Let’s discover how both male and female athletes get low testosterone and what can be done about it.
What Is Testosterone?
Testosterone is a steroid hormone that helps you increase lean muscle mass and bone density—and beyond simply helping you have a nice body, it’s also crucial for good health! Low levels of testosterone, in both men and women, can lead to a number of serious health conditions, including increased risk of depression, low sex drive, obesity, and osteoporosis.
Men with low testosterone tend to have higher rates of heart disease, depression, and even dementia—and a decrease in testosterone levels in women can lead to a loss of muscle mass and weight gain (especially when paired with the rising levels of estrogen that you learn about in the episode on Hormonal Imbalances and Weight Gain).

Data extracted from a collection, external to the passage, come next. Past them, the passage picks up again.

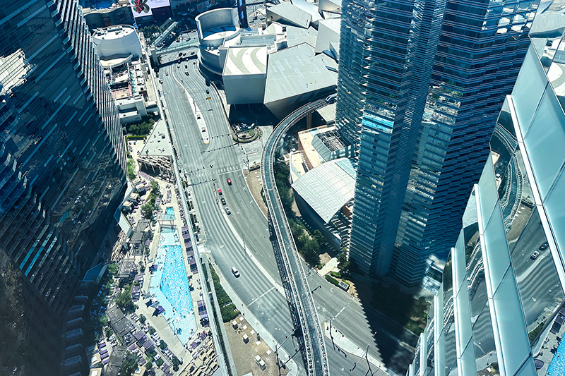 One of the few non-smoking hotels in Vegas. If you get an end suite you will get wrap around views of the north and south
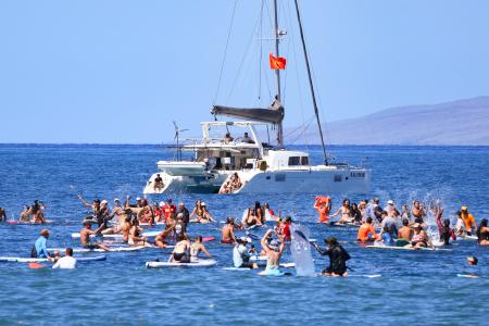 追悼儀式「パドルアウト」の参加者は、ビーチから約100m沖合の船へこぎ出し、海上で並んだ。旋回するヘリコプターから白や赤などのプルメリアの花びらがまかれる中、水をかき上げたり、歓声を上げたりした。
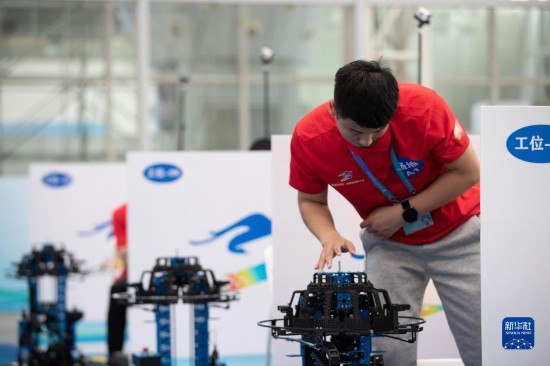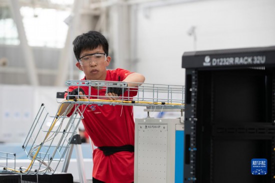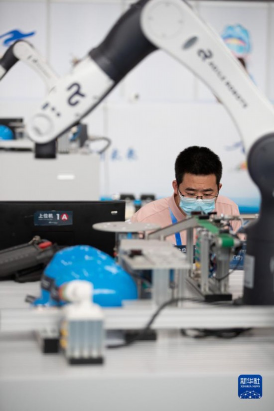 6月6日,选手在进行工业机器人系统操作员项目比赛。
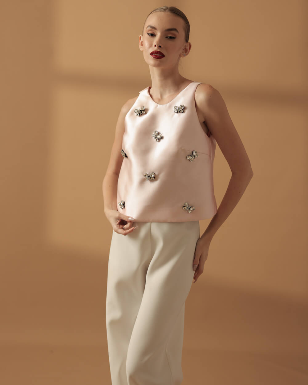 Tags: Blush, Blush Top, Crystals, Embellished, Fall 20225, Fall Collection, Mikado, Mikado Silk, Silk
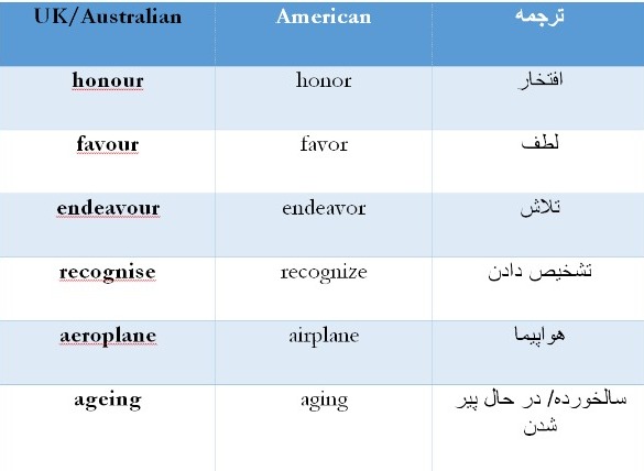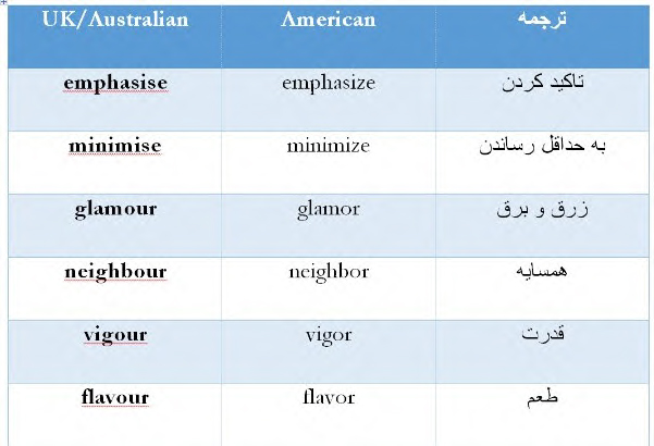 تفاوت املای واژگان انگلیسی در آمریکا و بریتانیا
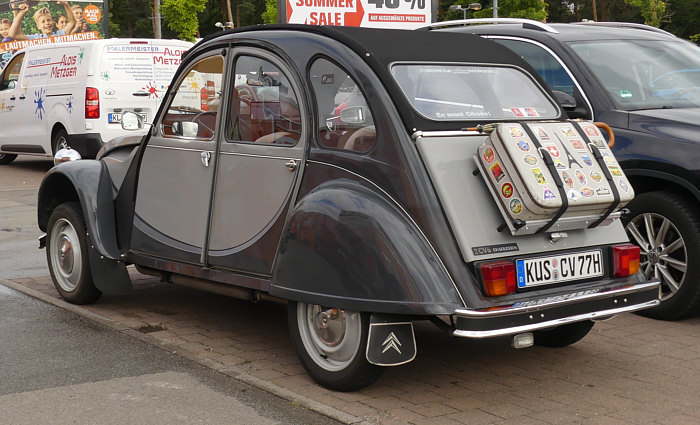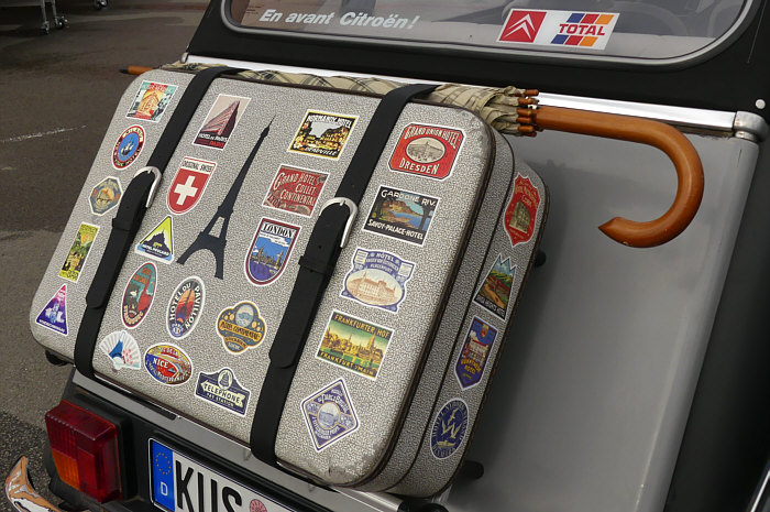 Gestern auf dem Parkplatz vom Baumarkt: ![]() Aaah ... oooh ... hach ... ![]() ... eine Ente ... ein 2 CV Charleston ... ![]() ... mit tollem Koffer hinten ... ![]() ... der sogar einen Schirm angeschnallt hat. Die Aufkleber haben mich angezogen ... es sind alles Hotel-Aufkleber. Ob der/die Fahrer/Mitfahrer der Ente dort überall waren ? Oder einfach solche Aufkleber mögen ? Eher das ... man kann nämlich solche Aufkleber kaufen. Ja, und ich denke, dass sind auch solche ... die haben alle einen schmalen weißen Rand, wären das Original Hotelaufkleber, dann wären die Ränder unterschiedlicher gestaltet, denke ich. Und sie hätten auch nicht durchgehende historische Bilder. Und diese Ente wäre auch nicht das klassische Auto für solche Hotels und solche langen Reisen dorthin. Ach, egal ... ich zeige die Aufkleber einfach mal. ![]() ![]() ![]() ![]() ![]() ![]() ![]() ![]() ![]() ![]() ![]() ![]() ![]() ![]() ![]() ![]() ![]() ![]() ![]() ![]() ![]() ![]() ![]() ![]() ![]() ![]() ![]() ![]() ![]() ![]() ![]() |

While there are entire industries built up around herbal and pharmaceutical pills, capsules, lotions, injections, super foods, and other methods for increasing testosterone, athletes such as Ryan Hall need to be especially careful with these type of substances due to sport regulations and also due to the fact that you simply can’t supplement or pill pop your way out of a training or diet program that doesn’t support optimization of your hormone levels. In “Should You Take Testosterone To Get Fit?” I highlight many of the risks of using testosterone replacement therapy.
So how can you excel at sports or exercise as much as you need to for your goals without depleting your hormone levels? Here are a few tips.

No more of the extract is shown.